G ERARD WANTED TO HOWL WITH LOSS when the pale oval of Lucy’s face emerged from the shadowy interior of the carriage. The warm, enchanting woman he’d glimpsed during their impromptu supper was gone, imprisoned once again beneath an unbreachable veneer of ice. She’d gone whiter than snow, her skin so translucent he could trace the delicate web of veins at her temples. She stepped down from the carriage, ignoring his outstretched hand as if she might crack at his touch.

Sobered by the ominous threat of the lamplight pouring across the lawn, the footmen fled for the servants’ entrance, balancing Fenster’s tottering form between them. Gerard knew the wise thing to do would be to murmur his own excuses and retreat to the gatehouse, but he found he could not abandon Lucy to face that glaring light alone. He escorted her to the door, his fingers hovering inches from her elbow lest she show any sign of faltering.

Smythe and the Admiral awaited them. Smythe stood at attention by the bay window, his robe and nightcap so unwrinkled that Gerard wondered if he slept standing, like a horse. The Admiral was resplendent in a dressing gown of royal purple, his hair a gleaming crown of frost. His cane thumped out an irate rhythm as he paced the parquet tiles.

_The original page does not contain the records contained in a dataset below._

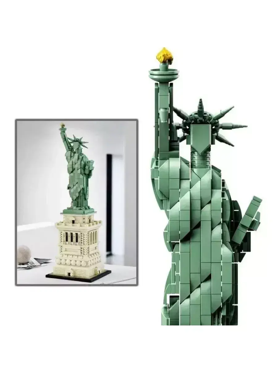 Постройте из кубиков модель одного из самых известных в мире национальных памятников — «Статую Свободы» . Статуя Свободы, расположенная в порту Нью-Йорка, возвышается над Островом свободы на высоту 93 метра, приветствуя морских путешественников со всего мира. Эта статуя является символом свободы. Она была передана народу Соединенных Штатов в качестве подарка от французского народа; официальная церемония передачи состоялась 28 октября 1886 года на глазах у многотысячной толпы. Детализированная модель отражает гармоничное сочетание архитектуры и скульптуры статуи, отличается проработанным пьедесталом со щитом, тщательной детализацией и балконами на колоннах. Статуя свободы облачена в развевающуюся робу, разбитые оковы и 7-лучевую корону. В левой руке она держит скрижаль, а в правой — золотой факел. Эта элегантная модель Architecture выполнена в аутентичной светло-зелёной с бежевым цветовой гамме и украшена декоративной пластиной.
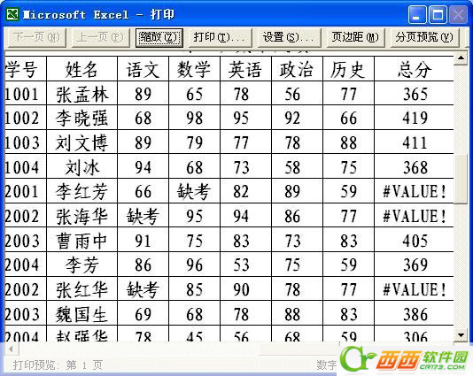 最近帮一位童鞋用EXCEL将其班学生的各科成绩处理完毕后,通过打印机输出时有几名学生的总分处输出为“#VALUE!”(如图1),很不美观。西西告诉大家这是因为这几名学生由于各种原因缺少某科成绩,用公式求总分时造成对应总分处显示“#VALUE!”的错误信息。通过西西的摸索发现利用 EXCEL的“错误单元格的打印”操作完全可避免上述问题。
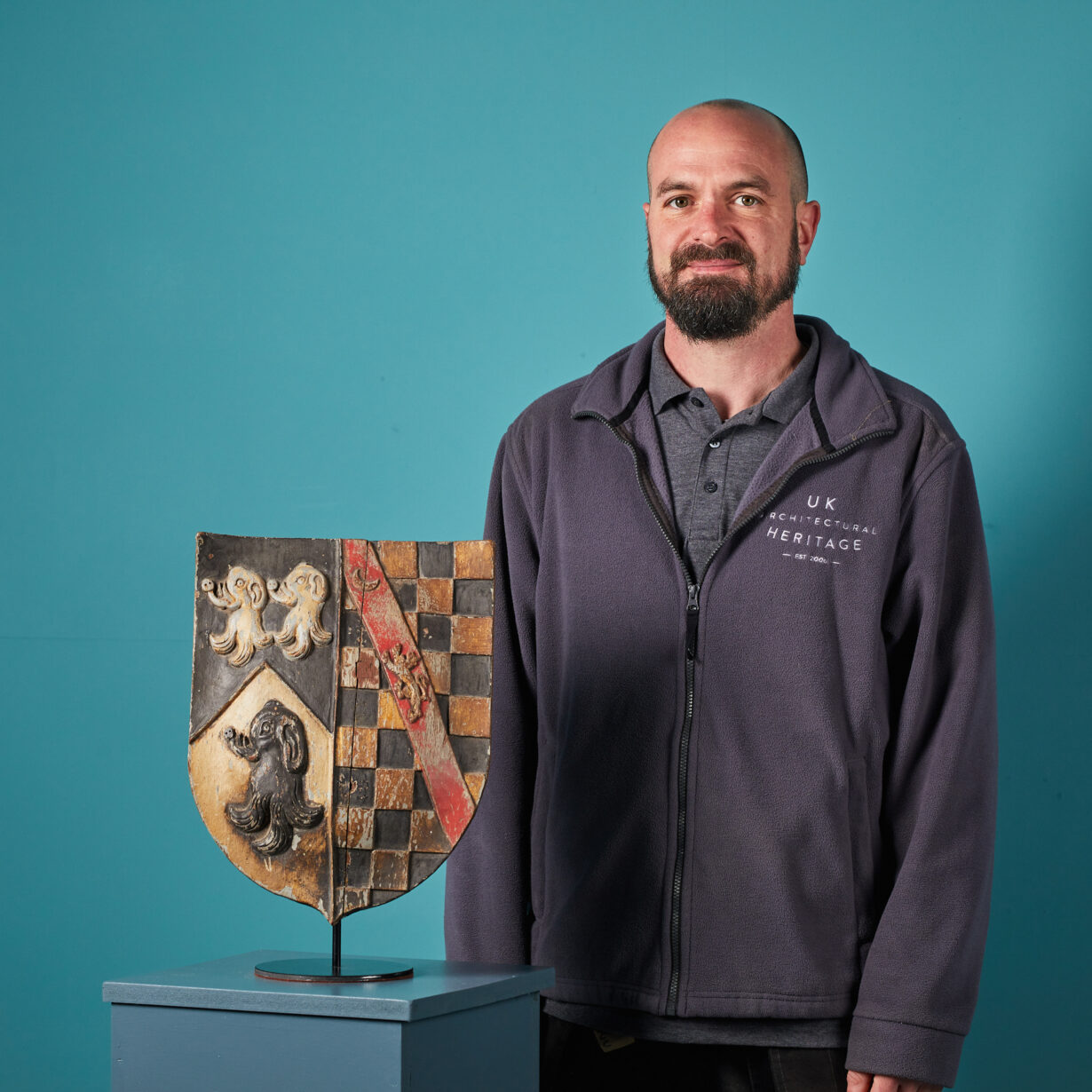 Good structural condition. The shield has been mounted on a bespoke steel stand. There are some small losses and wear.
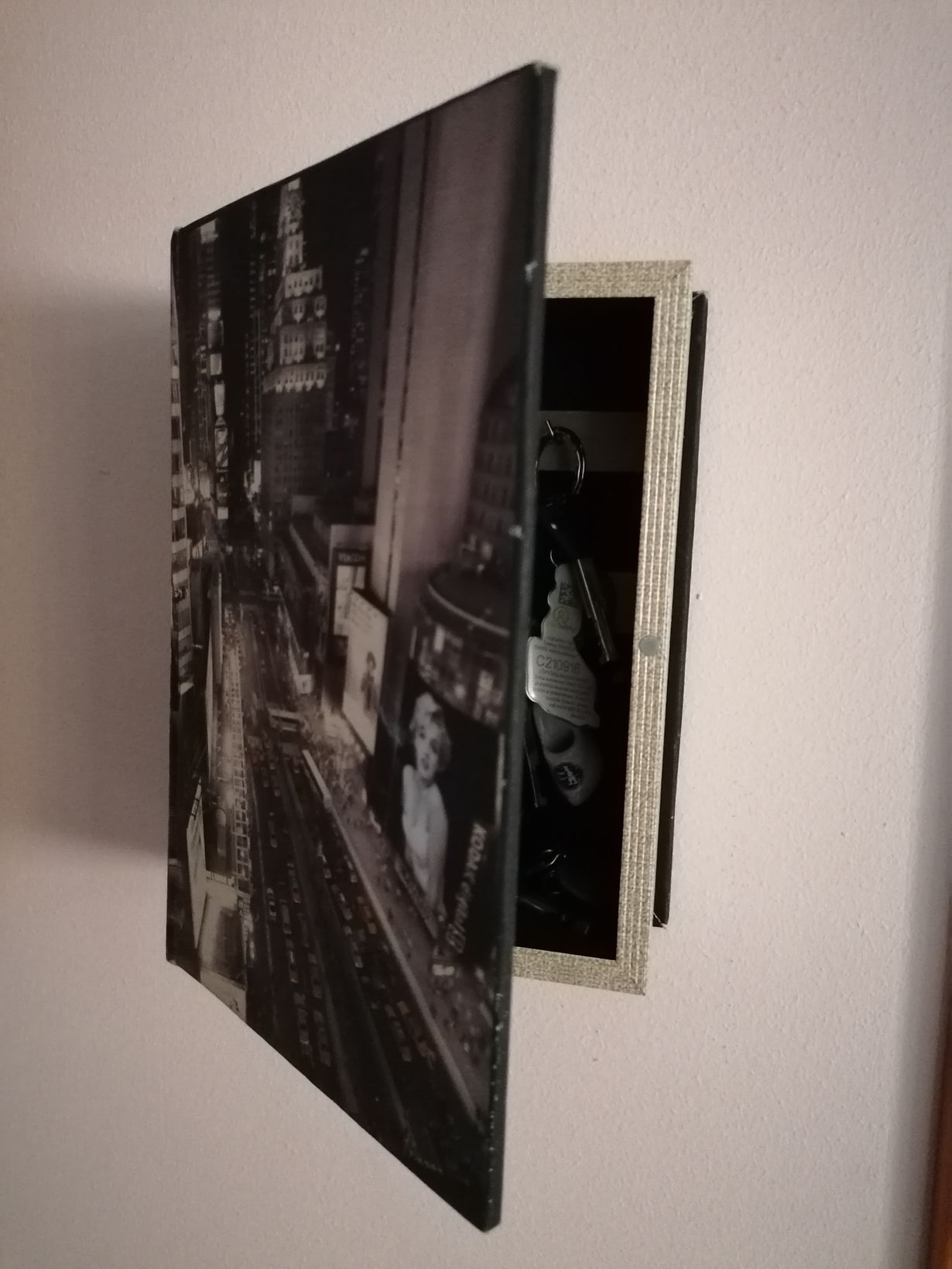 Etsin pitkään avainkaappia, mutta en löytänyt kivaa. Joten askartelin sen kauniista säilytyslaatikosta.

Gerard knew that he had recklessly jeopardized his position, but he wasn’t sure he would have traded the stolen interlude, not even if it resulted in his immediate dismissal. The rippling notes of Lucy’s laughter had been a song beyond price.

She faced her father, her head bowed like a deposed young queen offering her nape to the guillotine. The mantle of Gerard’s coat was still draped across her slender shoulders.

“Why, Lucinda, darling,” the Admiral boomed, malice dripping from every syllable. “So glad you decided to join us. You can imagine my distress when I recovered enough to join you at Lady Cavendish’s only to discover you’d never arrived. I was quite beside myself with worry.”

Lucy gathered her breath to speak, but Gerard spoke first, blinking mildly behind his spectacles. “There was an accident, sir. Two accidents, actually—”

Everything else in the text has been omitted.